Identification of the Metabolic Enzyme Involved Morusin Metabolism and Characterization of Its Metabolites by Ultraperformance Liquid Chromatography Quadrupole Time-of-Flight Mass Spectrometry (UPLC/Q-TOF-MS/MS)

1Department of Pharmacy, The First Affiliated Hospital of Jinzhou Medical University, Jinzhou, China
2Department of Medicinal Chemistry, Virginia Commonwealth University, Richmond, VA, USA
3Department of Internal Medicine/Community Health Sciences, University of Manitoba, Winnipeg, MB, Canada
4Jiangxi University of Traditional Chinese Medicine, Nanchang 330004, China

Received 12 May 2016; Revised 27 July 2016; Accepted 2 August 2016

Academic Editor: Con Stough

Copyright © 2016 Xianbao Shi et al. This is an open access article distributed under the Creative Commons Attribution License, which permits unrestricted use, distribution, and reproduction in any medium, provided the original work is properly cited.

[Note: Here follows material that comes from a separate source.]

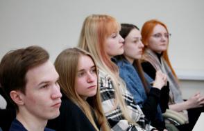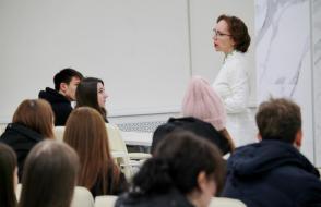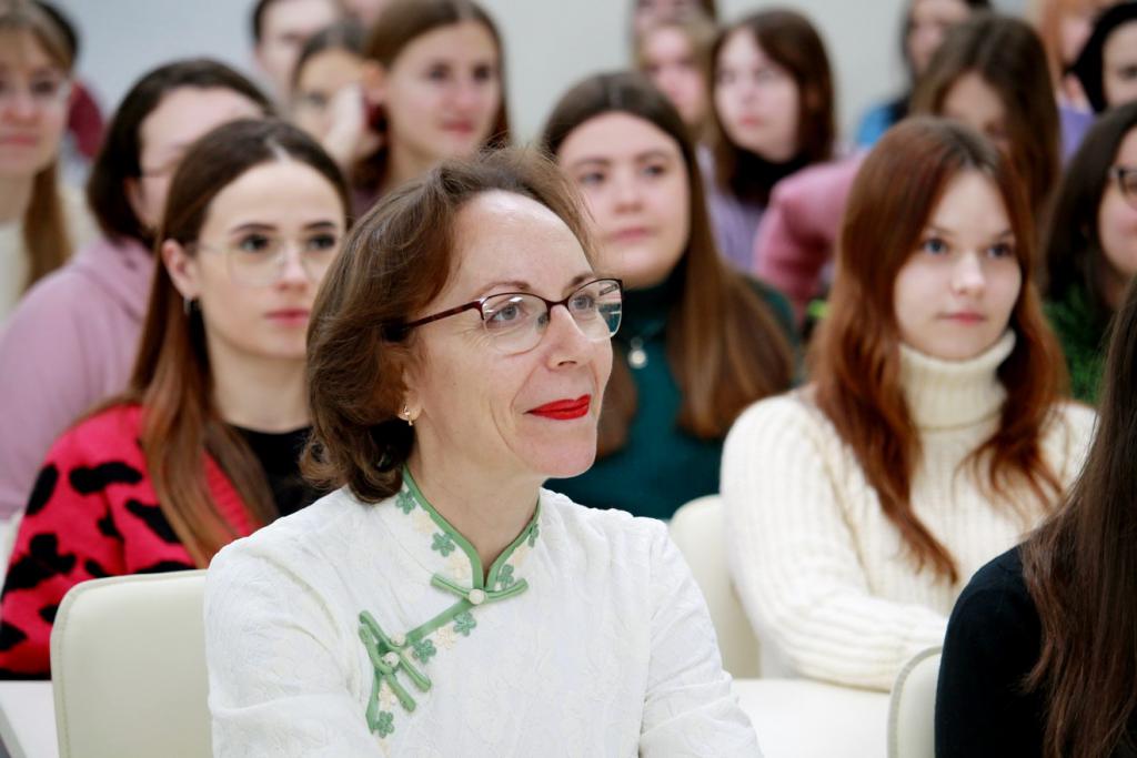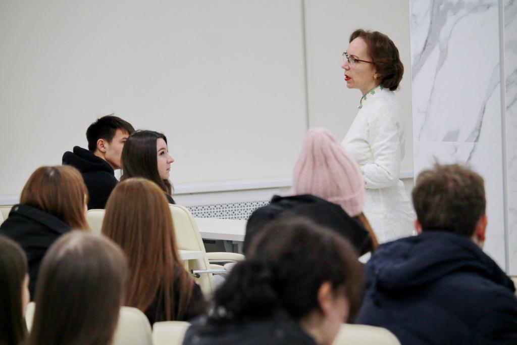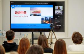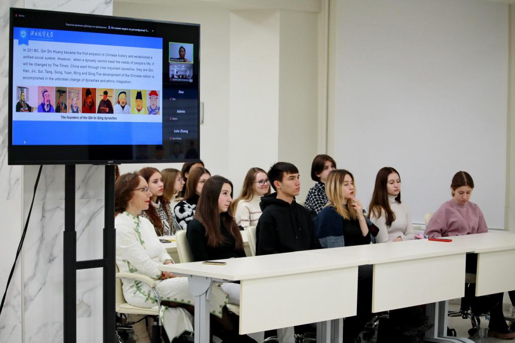 外语学院院长Elena Sazhina向外国同事致意,并让来自中国的讲师发言。 外国语学院二年级学生参加了在线讲座。

Morusin, the important active component of a traditional Chinese medicine, Morus alba L., has been shown to exhibit many vital pharmacological activities. In this study, six recombinant CYP450 supersomes and liver microsomes were used to perform metabolic studies. Chemical inhibition studies and screening assays with recombinant human cytochrome P450s were also used to characterize the CYP450 isoforms involved in morusin metabolism. The morusin metabolites identified varied greatly among different species. Eight metabolites of morusin were detected in the liver microsomes from pigs (PLMs), rats (RLMs), and monkeys (MLMs) by LC-MS/MS and six metabolites were detected in the liver microsomes from humans (HLMs), rabbits (RAMs), and dogs (DLMs). Four metabolites (M1, M2, M5, and M7) were found in all species and hydroxylation was the major metabolic transformation. CYP1A2, CYP2C9, CYP2D6, CYP2E1, CYP3A4, and CYP2C19 contributed differently to the metabolism of morusin. Compared to other CYP450 isoforms, CYP3A4 played the most significant role in the metabolism of morusin in human liver microsomes. These results are significant to better understand the metabolic behaviors of morusin among various species.